Setelah saat yang bersamaan dengan kedatanganku hari itu, dua orang ibu datang menemuinya. Mereka dengan tampilan sangat kontras : putih; bersih; terawat, hadir dengan penuh senyum dan keramahan. Lalu dengan lembutnya sebuah rayuan-rayuan terucap, Sebuah hadiah pun kini telah berada di tangan Dato’ . Tak kusangka bisa kusangsikan langsung sebuah lobi-lobi politik terjadi di ruang itu, sesuatu yang membuatku geleng-geleng kepala saat jilat menjilat dan saling menjatuhkan lawan begitu gamblangnya terucap dari mulut kedua perempuan tadi. Mereka yang hanya menjadi kacung demi tercapainya kursi kekuasaan untuk sang suami. Kucium baunya obsesi kekuasaan, dan menambah yakin akan absurdnya demokrasi.

Apa yang terjadi ? kini perlawanan dipertaruhkan, Saat pilihan menawarkan dirinya : akankah keyakinan bertahan? Atau menyerahkan harapan pada dua pasang calon yang gambarnya lekat pada pin kedua perempuan tadi?
Akankah sebuah hadiah tak bernilai itu mengubah dirinya? entah apa yang harus kusampaikan, hanya yakin bahwa “seberapa lama kah senyum dan kebaikan dari mereka akan bertahan?” Lihat saja saat mereka usai bertaruh dan meraih lagi kemenangannya, Dato’ dan orang-orang yang dibawanya dalam harapan utopis tak akan membuat mereka beranjak dari kumuh hidup saat ini.

Kuharap kau tak menolak kalah……….

Minggu akhir Juli (II)
Atas bantuan Dato’ akhirnya aku bisa memulai wawancaraku. Ia mengantarku di sebuah tempat yang tak jauh dari rumahnya yaitu sekitar Pesisir Pantai barat Makassar. Inilah sisi lain dari sebuah kota yang dipaksa menjadi metropolitan. Apa yang kita temui disini adalah perumahan-perumahan kumuh dan padat, tumpukan sampah, lorong-lorong sempit, lapak-lapak jajanan, riuh lari anak-anak kecil dan bau air tambak yang telah pekat menghitam sepanjang pinggirannya. Sungguh bagian yang sangat kontras dibalik dinding beton yang kini telah berdiri kokoh gedung-gedung tinggi, perumahan mewah dan kawasan resort yang hampir seluruhnya kini disulap menjadi kawasan elit setelah membabat habis lebatnya hutan mangrove dan menyumbangkan racun serta logam berat pada sumber pencaharian nelayan disana. Bagi pandangan tak mengenakkan di sekitarnya, tinggal bersiap diperhadapkan pada sebuah keteraturan setelah sebuah rusunawa berdiri kokoh, tampungan bagi mereka yang masih sanggup untuk menyewanya.
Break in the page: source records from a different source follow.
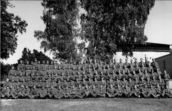 Gruppfoto, andra intendenturkompaniet år 1947. Namnuppgift finns på bilaga till 55004. Foto: Wretmarks Foto, Stockholm.
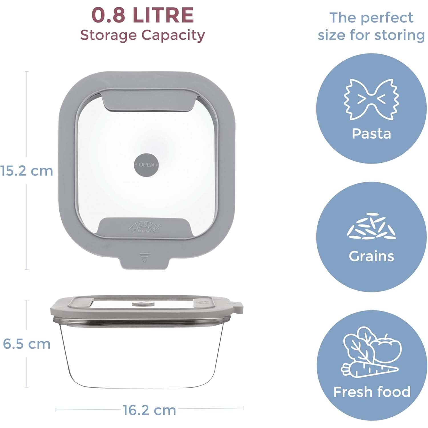 - 800ml capacity and features a square shape with minimalist clear base and grey airtight lid featuring a silicone valve.
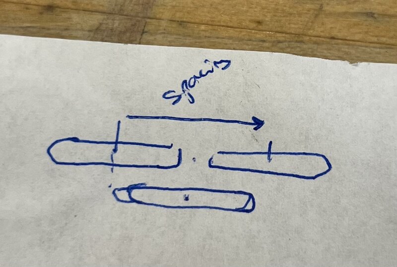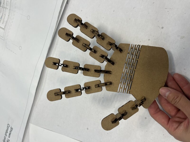 Next, I wanted to implement flexure across the palm. I was noodling with some online flexure patterns when Alfonso happened to walk by. He drew me a tiny drawing of the most fundamental flexure pattern, a grid of offset slots, and explained to me some of its more important properties (that the slots are positioned so there is a gap between them which is centered relative to the slot above it, that the spacing is sufficient to allow for this gap). He was even nice enough to draw it to scale, so I used approximate measurements from this very drawing to create my feature:
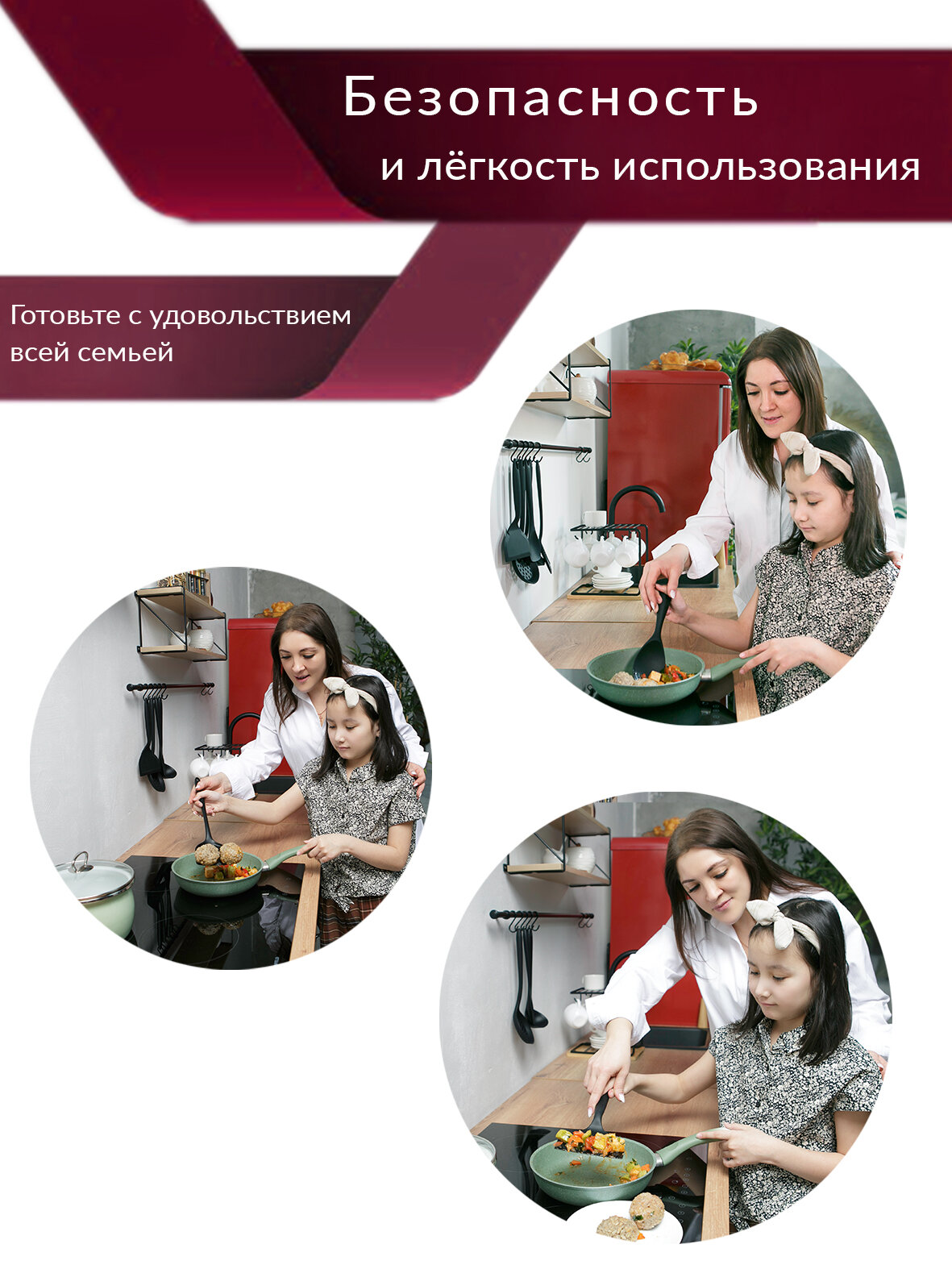 Покупатели экономят 32% стоимости при приобретении комплекта против покупки инструментов по отдельности. Набор совместим со всеми типами посуды:
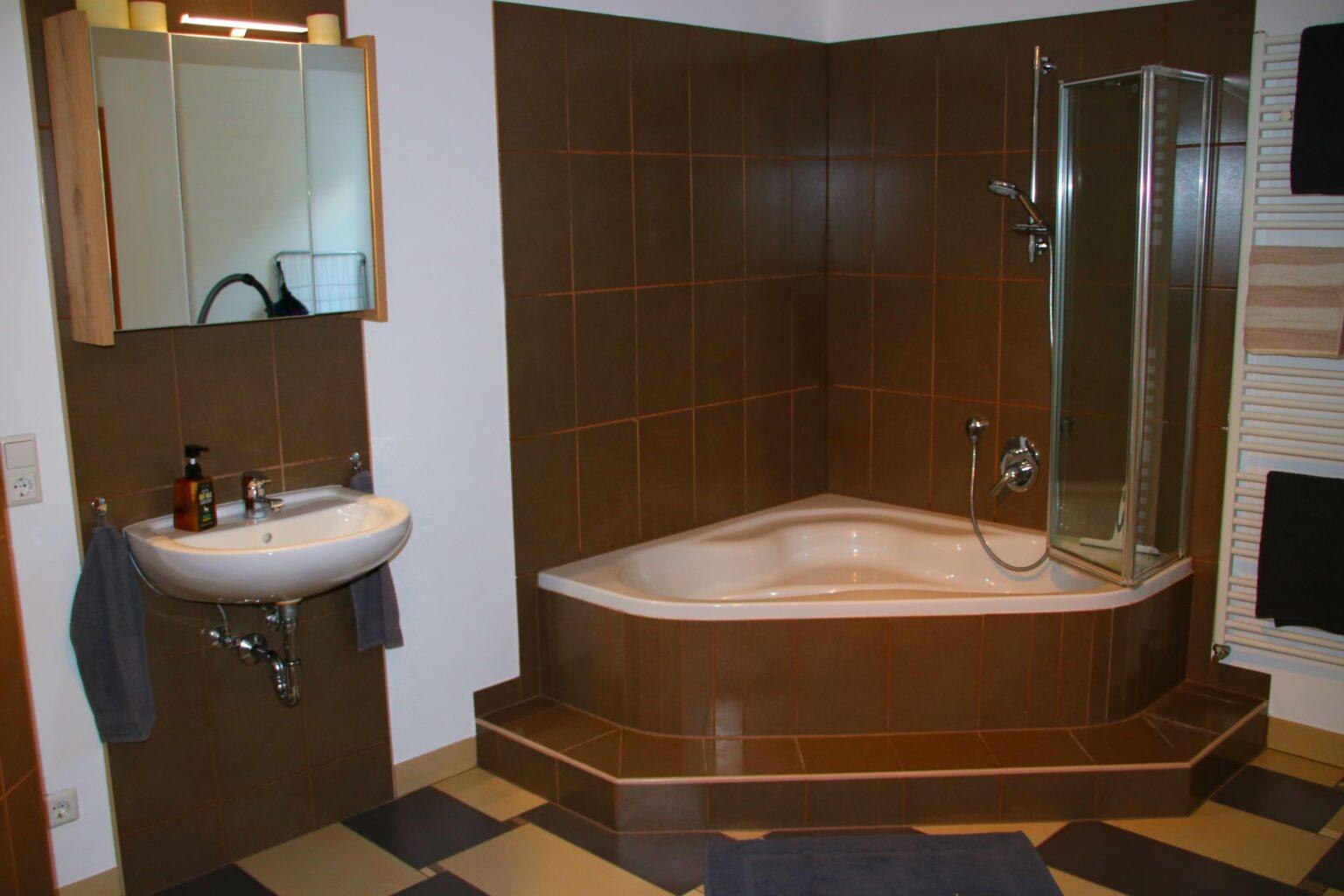 Das Badezimmer bietet eine Badewanne mit integrierter Dusche. Vorsicht, hoher Einstiegt (siehe Bilder).

Dan tak ada yang lebih menyedihkan saat kami bertukar cerita bersama mereka yang mencoba terus bertahan hanya demi sebuah kalori dan kehangatan di bawah atap. Ibu-ibu yang bekerja seharian penuh menjaga jajanannya, suami yang tak kunjung pulang bersama perahu kecilnya dengan harapan se ember ikan yang mampu dijualnya, atau mereka yang masih berada dibalik bangunan menjadi buruh yang kadang terpaksa mengikut sertakan anak demi tambahan selembar rupiah. Dan anak-anak kecil yang walau tampak riang, tak sadar sedang menghirup gas berbau dari sampahsampah yang menumpuk disekitarnya, dari kotoran yang melekat pada telapak kaki dan tangan yang tak beralas, serta telah seberapa banyak logam merkuri telah bersarang di tubuhnya dari lezatnya kerangkerang yang telah tercemari. Semua tampak beriringin dengan laju mutasi immun tubuh mereka untuk dapat beradaptasi hingga seberapa lama fisik mampu bertahan dalam kekebalan.
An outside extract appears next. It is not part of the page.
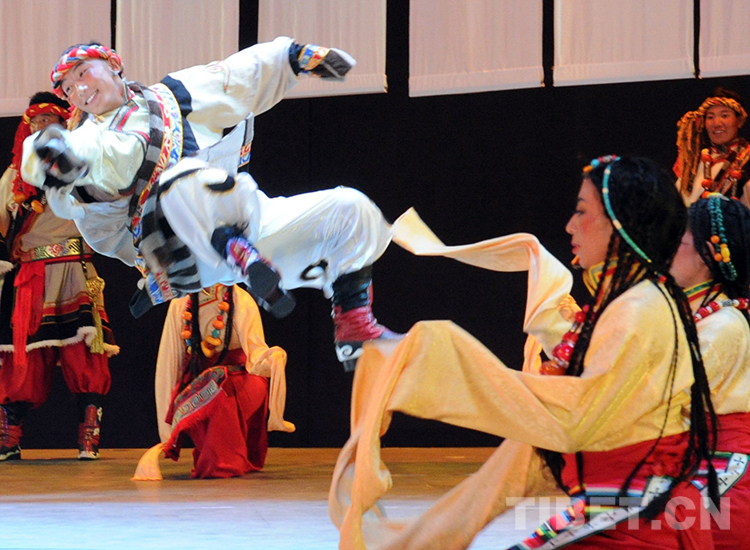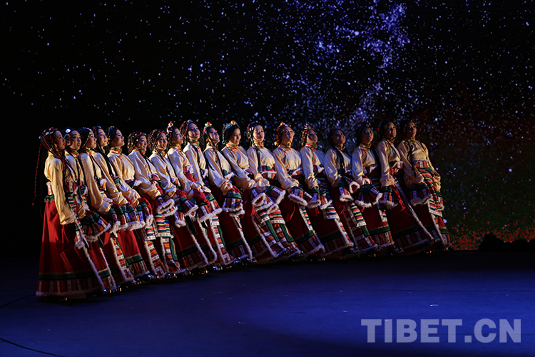 這是班戈縣諧欽民間藝術(shù)團(tuán)的年輕舞蹈演員在北京國家大劇院演出時(shí)的劇照(唐召明2015年10月13日攝)
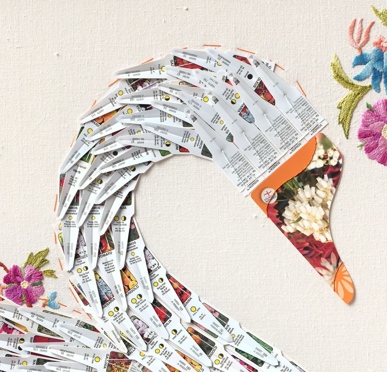 556 plant labels have been substituted for the 25000 feathers usually produced by a single bird, and arranged in the image of a Swan. The background is a vintage linen tablecloth, previously handcrafted with intricate stitch for use as a table decoration, but used here to provide a canvas for the portrait. Used plant labels, still marked with traces of soil have been attached with needle and thread to represent feathers. They capture the elegant S-shape curvature of the Swans elongated neck and graceful posture.

Dalam hari-hari penuh ketakutan

masih kah esok, aku berari-lari disini?



Minggu akhir Juli (III)
Rumbia , 28 juli 2008

Akhirnya aku bisa pergi lebih jauh.
Kini di sebuah desa yang sungguh sejuk dan subur , sesuatu yang tak pernah kusangka dimana saat lalu , desa yang begitu damai ini menyisakan sebuah kesuraman dan kengerian. Saat bus berhenti didepan rumah yang telah hancur itu, ingatanku kembali pada sebuah rekaman video dan lagi lagi hanyalah kebencian yang terlintas.
Aku memaksa membalik pikiranku dan tiba-tiba sesuatu terjadi ?
Kusaksikan rumah itu kembali kokoh, bayi kecil itu masih menyusu dalam peluk hangat ibunya, dan bapaknya kembali bertani memanen sawah yang telah menguning serta para kerabat datang berkumpul, saling bersua membawa sayuran dan buah segar.. ..

Menit tak cukup,

suara ledakan terdengar , teriak mendengung, tangis tak kuasa menahan, kekejaman terus membabibuta dan akhirnya …
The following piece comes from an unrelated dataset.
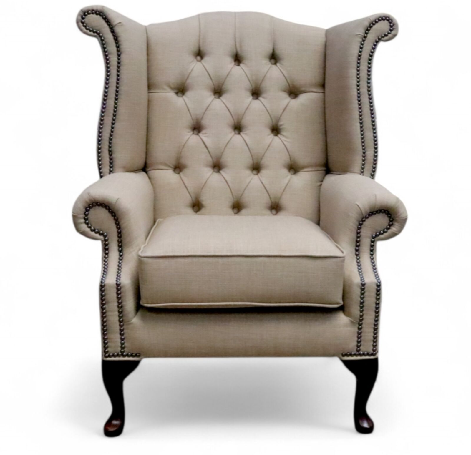 HANDCRAFTED IN ENGLAND Our Winged High-Back Chesterfield Queen Anne Armchair with exposed hardwood leg detail. A very popular look in the Chesterfield style. This Chesterfield has a high back for additional support and comfort. This piece would bring a flair to any home or office space. - Handmade In Linen - Non Tropical Screwed And Glued Hardwood Frame Made In House - Fully Handmade & Buttoned - Real Wood Show Feet Queen Anne Legs - Hand Studded Front And Wing Facings - From Construction Of The Wooden Frame To Filling In the Cushions all is completed In house (please visit) - Injection Moulded Foam Seat Cushions - Individual Seating Options to your requirements (soft, Medium, Firm) - Payment Option 50% Deposit Rest Of Balance On Delivery - FREE Swatch Service - We Deliver Worldwide (Please call/email for a free quotation) - 12 Month Manufacturers Guarantee - 2 Man Delivery - Room Of Choice In Own Vehicle (Pre Booked With Time Slot) Wing Chair Di

…………dua nyawa mengucapkan perpisahan………………

Pelukan perempuan itu dan air mata yang dialirkan dipundakku, tak bisa lagi mengembalikan khayalan. Namun kuhirup ketegaran dari mereka, yang begitu kuat mempartahankan tanah hidupnya walaupun harus diterpa kematian demi kematian .

Tak ada yang lebih hina bagi mereka yang hanya bisa melontarkan peluru…..BIG FUCK…….


Minggu akhir juli (IV)
Kebahagian yang terselip

Kini kota yang menjadi pusat dari perekonomian kawasan indonesia timur ini, betapa cepatnya dipermak menjadi sebuah kota beton. Segala upaya dilakukan demi sebuah tampakan dan membangun citra guna mengalirnya arus investasi, harapan satu-satunya sebuah kesejahteraan toh kenyataannya tak perlu kita pertanyakan lagi. Saat semua tempat / sarana diprivatisasi dan modal menjadi penguasa tertinggi. Menikmati sesuatu secara cuma-cuma jarang bisa ditemui lagi. Apapun kini menjadi komoditas, bahkan sesuatu yang sangat esensi dari kebutuhan manusia itu sendiri : makanan, tempat tinggal, kesehatan, spiritual, pendidikan , rasa aman, bahkan cinta kasih pun tak luput menjadi sebuah daya jual.

“Rasa cinta “ ya, komoditas yang paling laris terjual. Begitu pula dengan rasa cinta yang hadir malam itu. Tak ada pilihan, saat kita pun harus membeli sebuah kenyamanan. Dari sebuah rumah tua di sudut jalan yang kini menjadi mini resto.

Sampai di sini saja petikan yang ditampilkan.